[Start of Attachment]
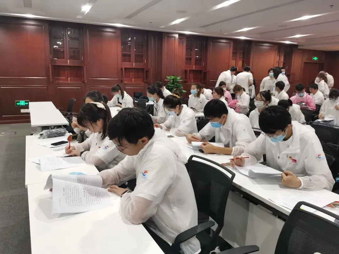 为确保服务质量,志愿者们提前参与了岗前志愿服务培训。5月22日,志愿者们抵达中共一大纪念馆,领略百年会址新面貌,熟悉服务场地。志愿者们本着敬畏、认真的态度, 深入了解宣教岗位服务说明,以达到分工明确、任务清晰。5月23日,志愿者们整装出发,一早赶至中共一大纪念馆,并在初心讲堂继续巩固学习场馆介绍、导览图等志愿服务内容。
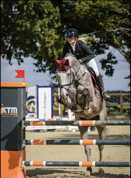 For sale is a 6-year-old Zangersheide gelding, distinguished by his quality and appearance. The 1.75 m tall, elegant chestnut (apple) grey impresses with his very friendly and balanced temperament. His main focus is show jumping, where he demonstrates his talent. The gelding is well-trained and shows great potential for high-level competition. He is very reliable over fences, jumps from all situations, and does not spook. This year, he competed in his first show season, achieving multiple placings in class A and even winning some. He also placed directly in his first L-level jumping competition with a score of 7.8. If you are interested or require further information, please feel free to contact me. Videos can also be sent upon request. To prevent riding tourism, we charge €20 for a trial ride, which will be deducted from the purchase price if a sale is made later.
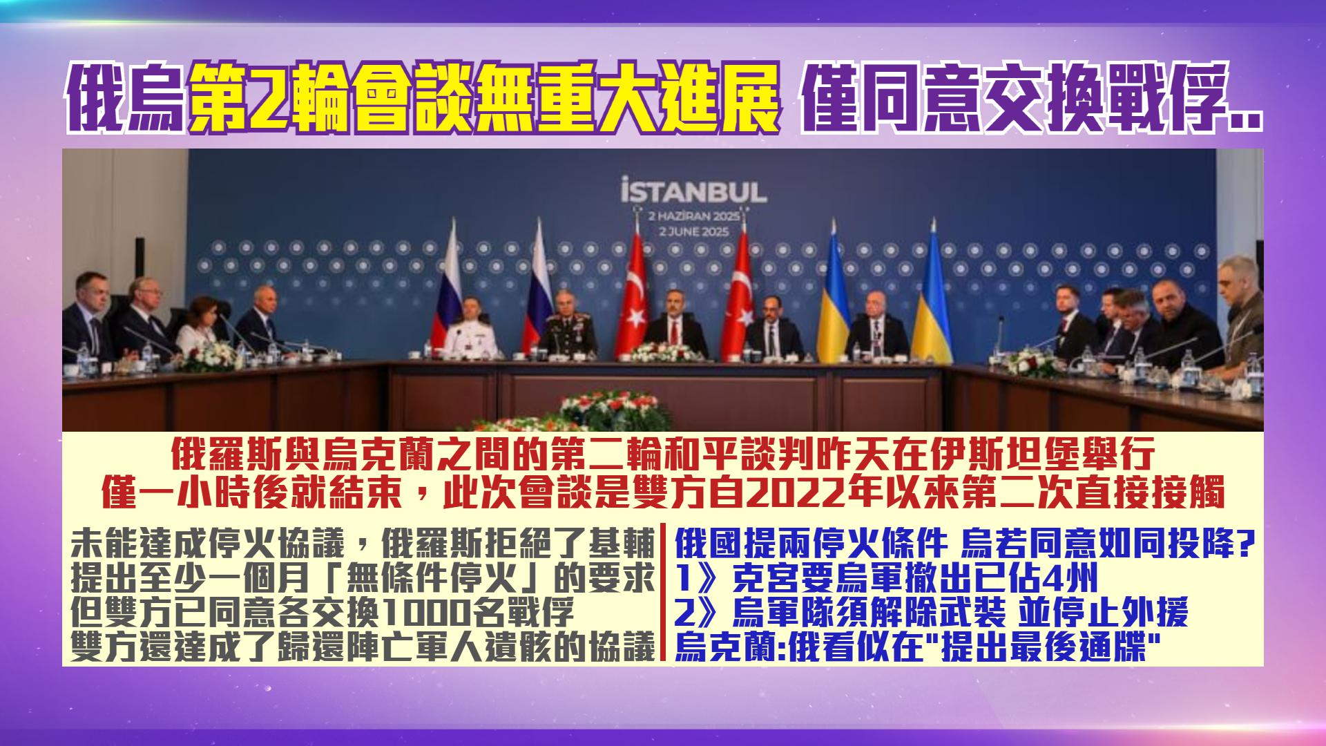 俄羅斯與烏克蘭之間的第二輪和平談判昨天在伊斯坦堡舉行,不出意外的,僅一小時後就結束,此次會談是雙方自2022年以來第二次直接接觸,已比原計劃晚了近兩個小時開始,並且沒有對延遲做出解釋
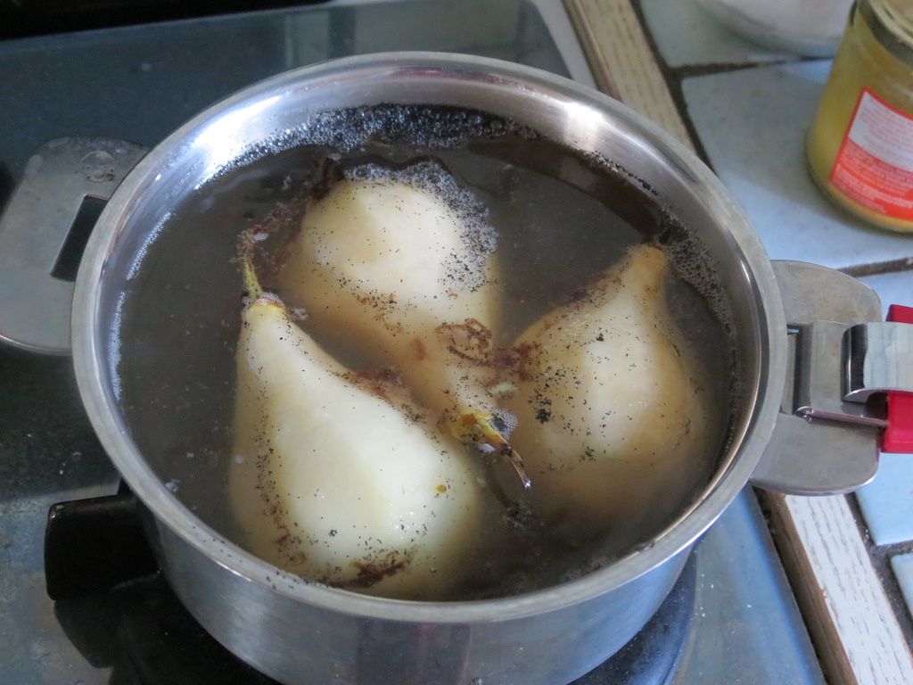 Peler les poires et les épépiner en les gardant entières (on utilisera un vide-pomme ou tout simplement un économe). Reporter le sirop à ébullition, y plonger les poires et laisser cuire en baissant le feu pendant 5 à 10 min. Cela va dépendre de la grosseur de vos poires. Vérifier la cuisson à l'aide d'une pique à brochette ou de la lame d'un couteau : les poires doivent être tendres.
[End of Attachment]
▸ Work item
What the answer must hold: all the data above, given again exactly, without pictures.

▸ Written response
 为确保服务质量,志愿者们提前参与了岗前志愿服务培训。5月22日,志愿者们抵达中共一大纪念馆,领略百年会址新面貌,熟悉服务场地。志愿者们本着敬畏、认真的态度, 深入了解宣教岗位服务说明,以达到分工明确、任务清晰。5月23日,志愿者们整装出发,一早赶至中共一大纪念馆,并在初心讲堂继续巩固学习场馆介绍、导览图等志愿服务内容。
 For sale is a 6-year-old Zangersheide gelding, distinguished by his quality and appearance. The 1.75 m tall, elegant chestnut (apple) grey impresses with his very friendly and balanced temperament. His main focus is show jumping, where he demonstrates his talent. The gelding is well-trained and shows great potential for high-level competition. He is very reliable over fences, jumps from all situations, and does not spook. This year, he competed in his first show season, achieving multiple placings in class A and even winning some. He also placed directly in his first L-level jumping competition with a score of 7.8. If you are interested or require further information, please feel free to contact me. Videos can also be sent upon request. To prevent riding tourism, we charge €20 for a trial ride, which will be deducted from the purchase price if a sale is made later.
 俄羅斯與烏克蘭之間的第二輪和平談判昨天在伊斯坦堡舉行,不出意外的,僅一小時後就結束,此次會談是雙方自2022年以來第二次直接接觸,已比原計劃晚了近兩個小時開始,並且沒有對延遲做出解釋
 Peler les poires et les épépiner en les gardant entières (on utilisera un vide-pomme ou tout simplement un économe). Reporter le sirop à ébullition, y plonger les poires et laisser cuire en baissant le feu pendant 5 à 10 min. Cela va dépendre de la grosseur de vos poires. Vérifier la cuisson à l'aide d'une pique à brochette ou de la lame d'un couteau : les poires doivent être tendres.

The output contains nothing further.